In practical terms, whether a dispersal of the holidays would work for you as a family would depend entirely on what you use for childcare at the moment.

Without 'standardised' core holidays, no holiday playschemes, children's clubs, activity weeks, sports camps, music courses, activities at the leisure centre, special events in the parks etc etc etc would run - because there would never be an economic number of children available for them.

So unless you have a nanny, childminder or only use relatives for childcare, then a dispersal of the holidays would leave an enormous number of weeks to cover, with nothing to cover them.
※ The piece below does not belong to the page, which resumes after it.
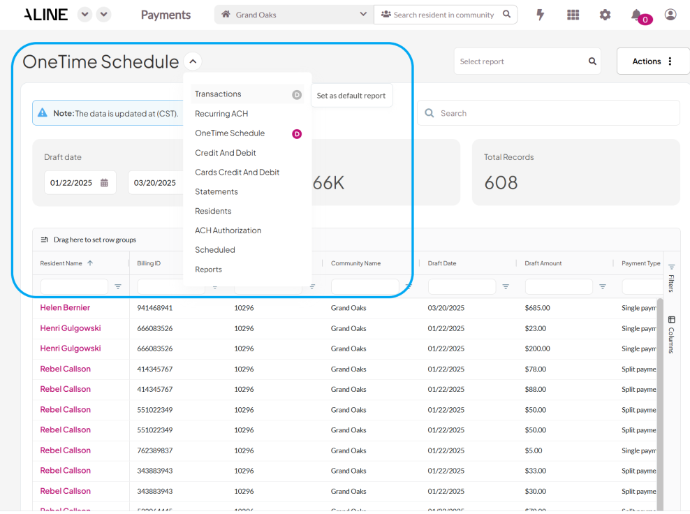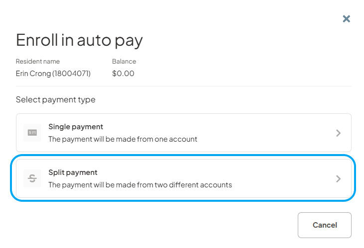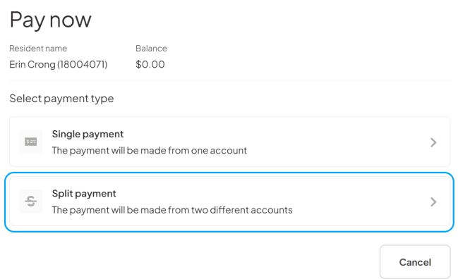 Users can now split a single payment transaction, including one-time and recurring payments, across two separate dates. Users can now split a one time payment transaction and recurring payments across two dates with its own payment date (based on tenant configuration and acceptable dates for the community.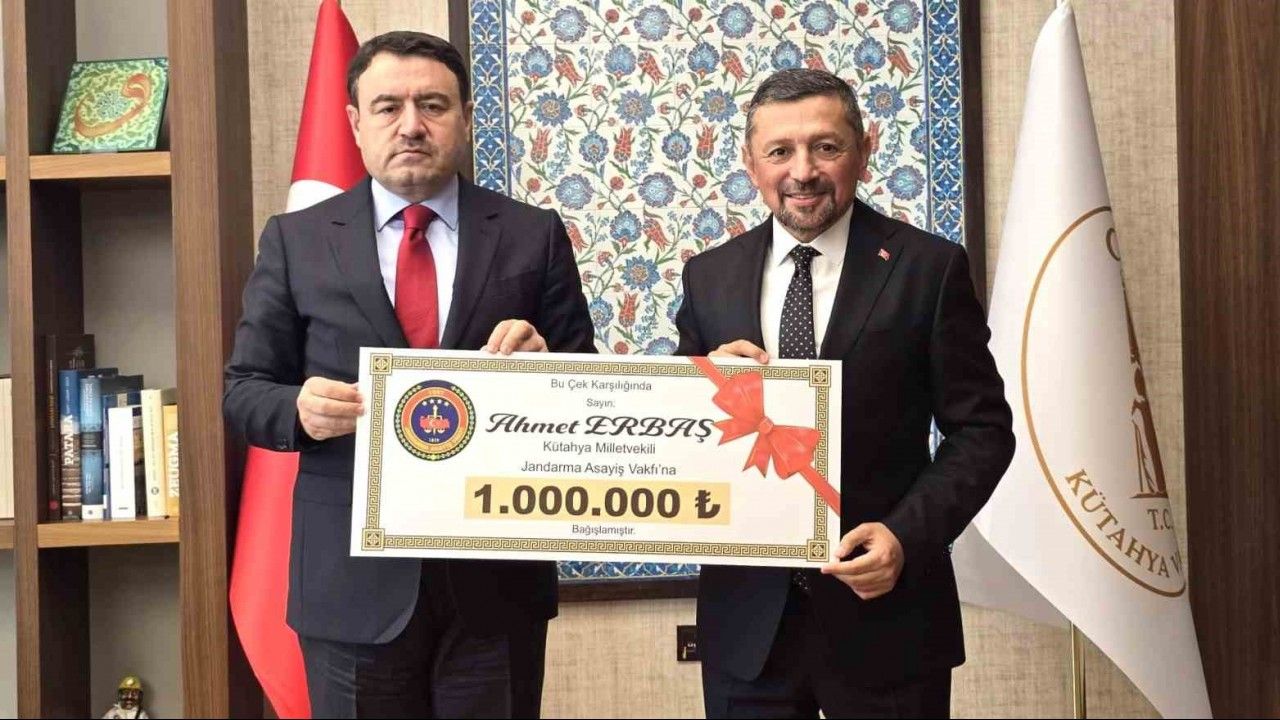 Milliyetçi Hareket Partisi (MHP) Kütahya Milletvekili Ahmet Erbaş, Jandarma Teşkilatına hizmet aracı alımı için Jandarma Asayiş Vakfına 1 milyon TL bağışta bulundu. Kütahya Valisi Musa Işın, yapılan bağıştan dolayı Milletvekili Erbaş’a teşekkür etti.

Even as a teacher, I use some holiday childcare / courses - they are brilliant for the days / weeks when i have to prepare / clear classrooms, plan for next year etc. My children benefit hugely from county / nationwide courses in their 'things'. They also benefit hegely from term-time extracurricular groups - dance, sport, music - which again would be hugely disrupted by every school being different, or 20% of the children being off for any given week. They compete in events which are planned to take place in school half terms, when school facilities are available for hire and pupils from masses of different schools come together.

I would support an absolutely standardised dispersal of holidays - so a shorter and slightly earlier summer break, 2 weeks for half term in October, maybe 3 weeks at Easter or a 2 week May break if all external exams were moved. I would not support a free for all in which different schools set different holidays, or in which very short breaks were distributed throughout the year in a scattergun fashion.

cantkeepawayforever · 03/08/2017 10:12

As a teacher, having 'a 6 week break' is not what keeps me in the profession. However, having 'holidays that coincide, by and large, with my children's' IS something that I value about my chosen career, and without it the career (which is my second, much less well-paid and lower status than my first) would seem much less attractive to me.